Исключительных положений не терпит, однако, жизнь, и двух женщин она привлекла к некоему правилу: кто-то добрый и влиятельный устроил Таисию на службу, впряг ее в работу, и она заработала, и началось терпимое и обычное: вдовая мать-старуха и дочь на службе, существование бедственное, но возможное. Так прошло десять лет со смерти полковника. И вначале Таисия плакала день и ночь, так как ничего не умела делать, и ее без стеснения ругали дурой и гоняли со службы; потом приспособилась, крепко уселась в конторе одного большого торгового дома и успокоилась; и несколько лет единственным настоящим ее мучением была краснота носа, ничем не устранимая, противная, заметная даже под пудрой. У всех девушек в конторе, и магазине, и на улице носы были белые и краснели только от холода или от сырости, а у Таисии у одной, может быть, на десять тысяч, нос все время и без причины краснел. Почему?

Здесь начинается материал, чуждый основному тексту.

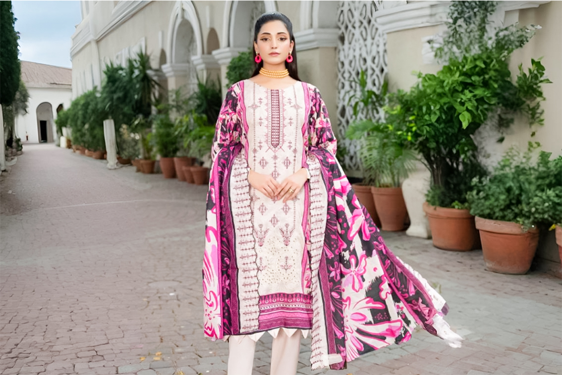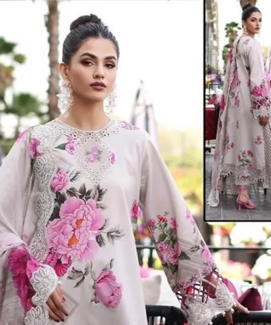Vibrant Purple Floral Print Suit with Fuchsia Heavy Cutwork Embroidery
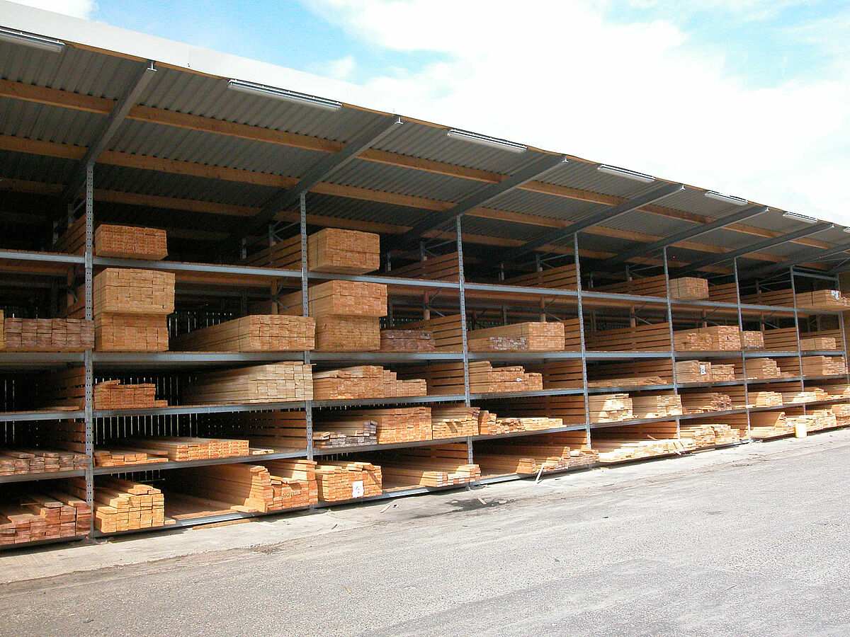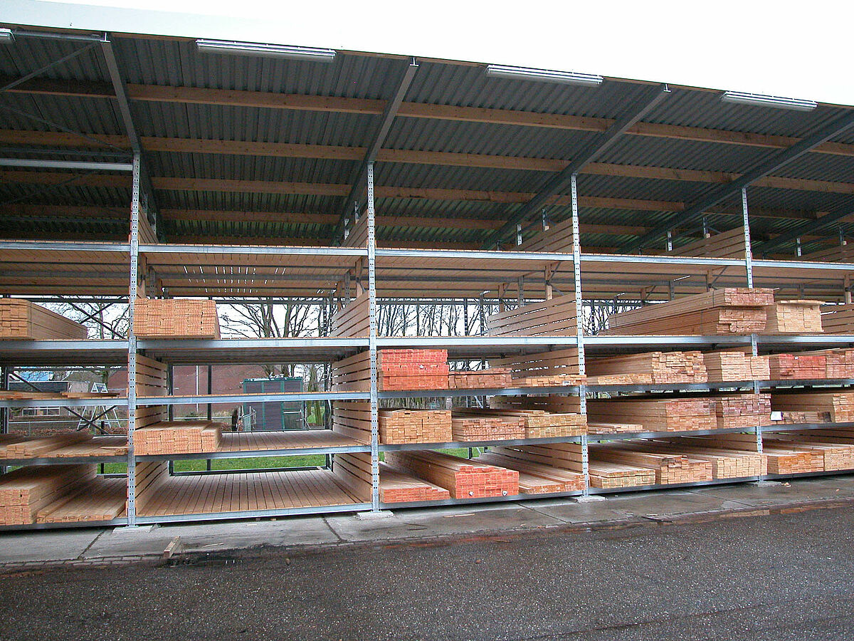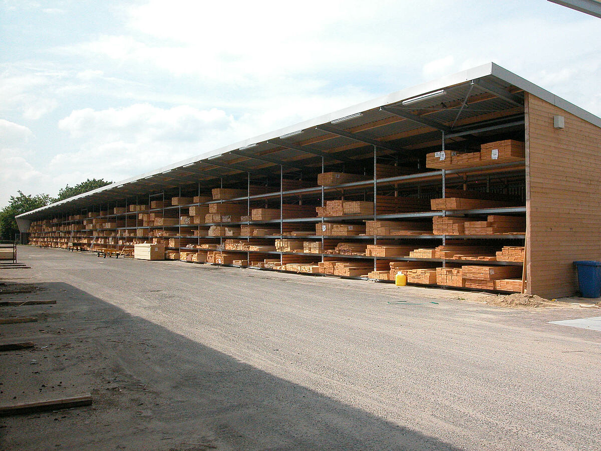 Il nuovo magazzino è stato realizzato da OHRA. L'impresa di Kerpen (Germania) si è specializzata nelle soluzioni a scaffalature per il commercio di materiali da costruzione e di legname. Alla Gooskens è stato adottato il sistema di scaffalature portapallet di OHRA. Per raggiungere la profondità di stoccaggio richiesta, gli esperti di OHRA hanno disposto, uno dietro all'altro, diversi telai di questo sistema corredandoli di fondi di legno. I telai sono realizzati in profilati di acciaio laminato a caldo che, in caso di collisione, cedono elasticamente mantenendo inalterata la propria elevata capacità di carico verticale. Una tettoia sulla struttura protegge il legno immagazzinato dalle intemperie e fa del magazzino a scaffalature un fabbricato a sé stante. Complessivamente il nuovo magazzino ha un'altezza di 6 metri e una lunghezza di 120 metri. I cinque livelli di stoccaggio hanno una capacità di carico di 2.800 chilogrammi ciascuno.
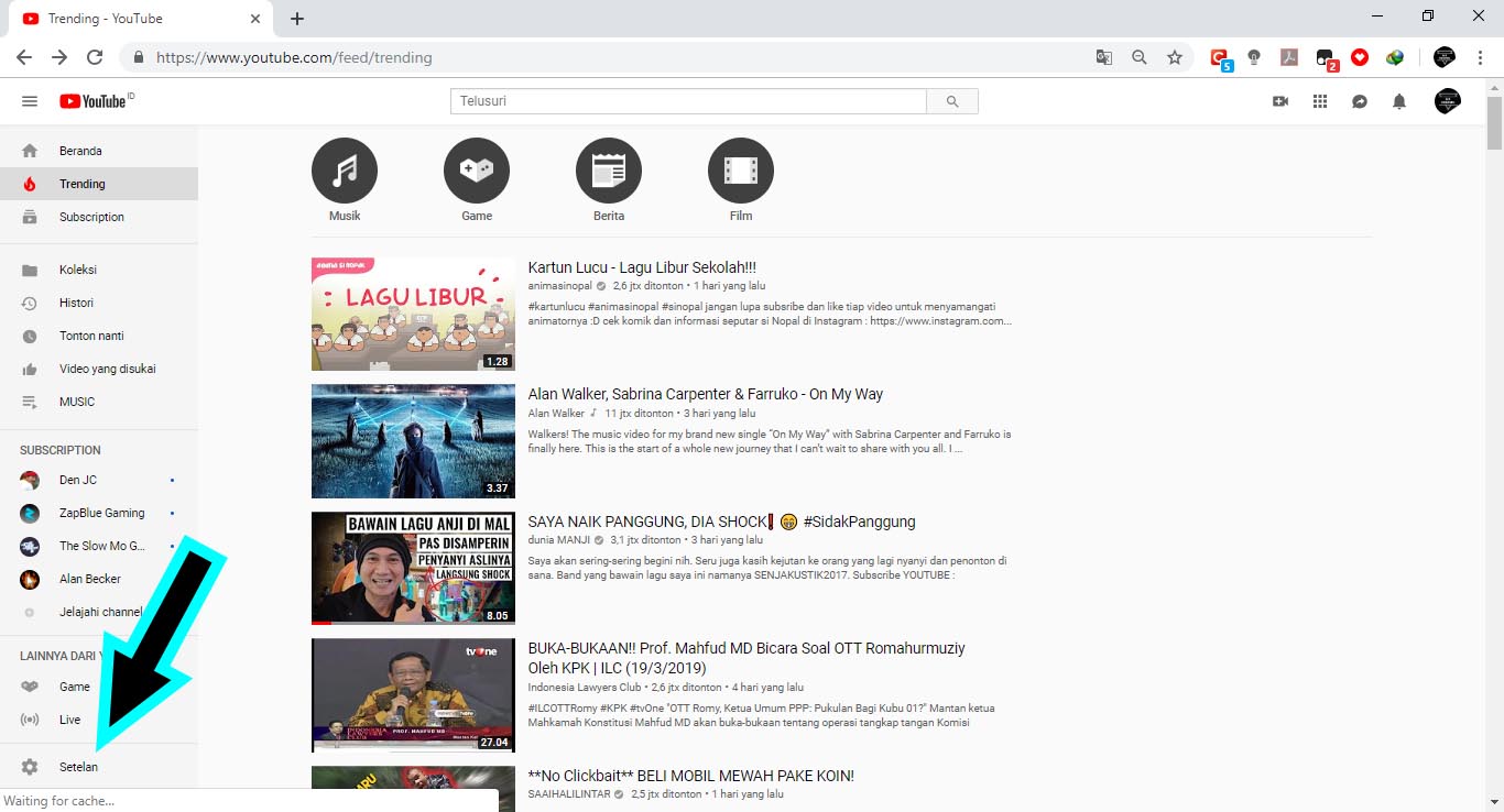 2. Pada halaman sebelah kiri Youtube, kamu akan menemukan menu SETELAN. Klik SETELAN.
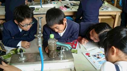 いずれの実験も、その学習時間内に3つの層に分かれることや、泥が遠くまで運搬され堆積するという考察をすることはできました。時間を置いて、それらの層がどのようになるか、また来週詳しく観察をします。
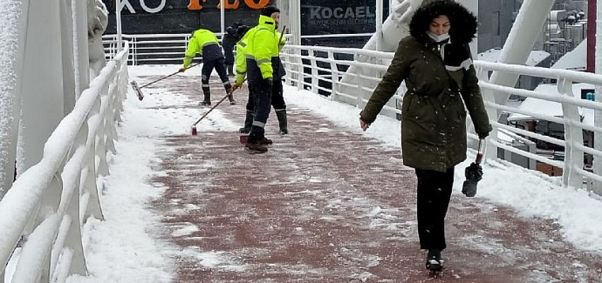 Kocaeli Büyükşehir Belediyesi, bölgemizi tesiri altına alan ağır kar yağışında vatandaşların olumsuz etkilenmemesi için tüm gruplarıyla çalışmaya devam ediyor. Park ve Bahçeler Dairesi Başkanlığı’na bağlı takımlar de bir yandan köprüler ve yaya üst geçitlerinde vatandaşların güvenliği için solüsyon ve paklık çalışmaları yaparken, bir yandan da yolların tuzlanmasında öteki gruplara yardımcı oldu. Ağır kar yağışına karşın Kocaeli genelindeki park ve bahçelerde, yol kenarlarında, otobüs duraklarında paklık işlerine orta vermeyen Park ve Bahçeler grupları, 7/24 çalışmaya devam etti.
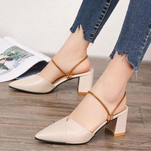 [애슬릿] 여성 스트랩 사무실 뮬 힐 블로퍼 6.3cm
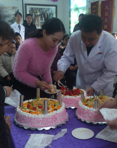 党员们还给老人们带去了蛋糕和面包,在义诊结束之后,支部的全体成员与老年公寓的工作人员和老人们进行了联欢活动,大家一起品尝蛋糕,期间我们支部的许多党员积极帮助那些活动不便老人,带去了爱心,带去了欢乐,此活动受到了老年公寓院方的欢迎和老人们的赞扬。
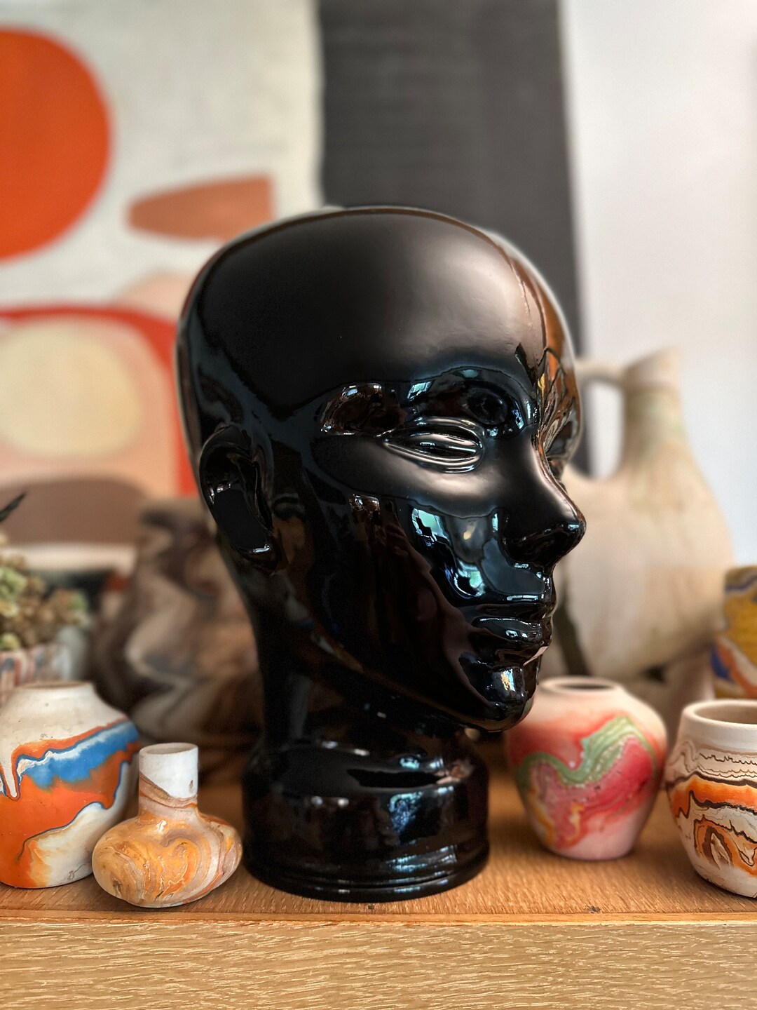 Kitschy Black Glass Head Bust Vintage Display Piece Retro Decor Black Glass Head Discover a stunning selection of hand blown glass sculptures made in venice, italy. Are you looking for glass head sculpture online? Check out our glass head black selection for the very best in unique or custom, handmade pieces from our collectible glass shops. Check out our black glass mannequin head selection for the very best in unique or custom, handmade. Black Glass Head.

Потом стала у нее болеть грудь, вся костяная доска, и начались невралгии. Потом она почувствовала себя усталой, так устала, что хотелось умереть. Потом усталость прошла, и началась почти одновременно страстная любовь к Михаилу Михайловичу Веревкину – и такая же страстная ненависть к матери Елене Дмитриевне, бесполезной старухе. Это было страшно и грешно: ненавидеть мать, задыхаться в ее присутствии от ярости, молить Бога о ее смерти, мечтать о том, как она подкрадется сзади и начнет бить ее обоими кулаками – по ее голове, по толстой спине, по бездеятельным пухлым рукам, которые она поднимет для защиты. Но Таисия была хорошо воспитана и молчала, только худела от ненависти; но однажды вечером вернулась она после работы слишком усталая, и не захотелось быть воспитанной, а мать сидела на своем обычном месте перед круглым столом, раскладывала свой бесконечный пасьянс и безмятежно улыбалась. И Таисия, не здороваясь и не целуя протянутой пухлой руки, сорвала цветную скатерть вместе с картами на пол и отчетливо прошипела:

– Хоть бы ты умерла! Я тебя ненавижу, ты дармоедка, ты бесполезная старуха, злая, вредная, дрянь! Без тебя на мои сорок пять рублей я жила бы хорошо, я была бы невестой для всякого молодого человека, а с тобой я пропадаю. Ты пола подмести не умеешь, ты скатерти постлать не умеешь, только стаканы моешь. Из-за тебя я кухарку держу, и чтоб ты сдохла, дрянь!

После этого с ней начались корчи и молчаливая истерика – за тонкой перегородкой жили внимательные соседи – и стакан с водой она яростно выплеснула на мать. Та не посмела переодеться и так до конца вечера просидела мокрая и в молчании, потому что молчала Таисия. «Какое красивое имя: Таисия!» – думала девушка, уже успокоившись, но глаз нарочно не открывала, чтобы побольше помучить мать. Намучивши, сколько следует, встала, молча и не глядя, как бы не видя мокрой и онемевшей матери, она напилась чаю и громко стучала ложечкой; потом приготовила постель, помолилась, улеглась и только тогда коротко приказала:

– Ложись, что же ты? Мне завтра рано вставать.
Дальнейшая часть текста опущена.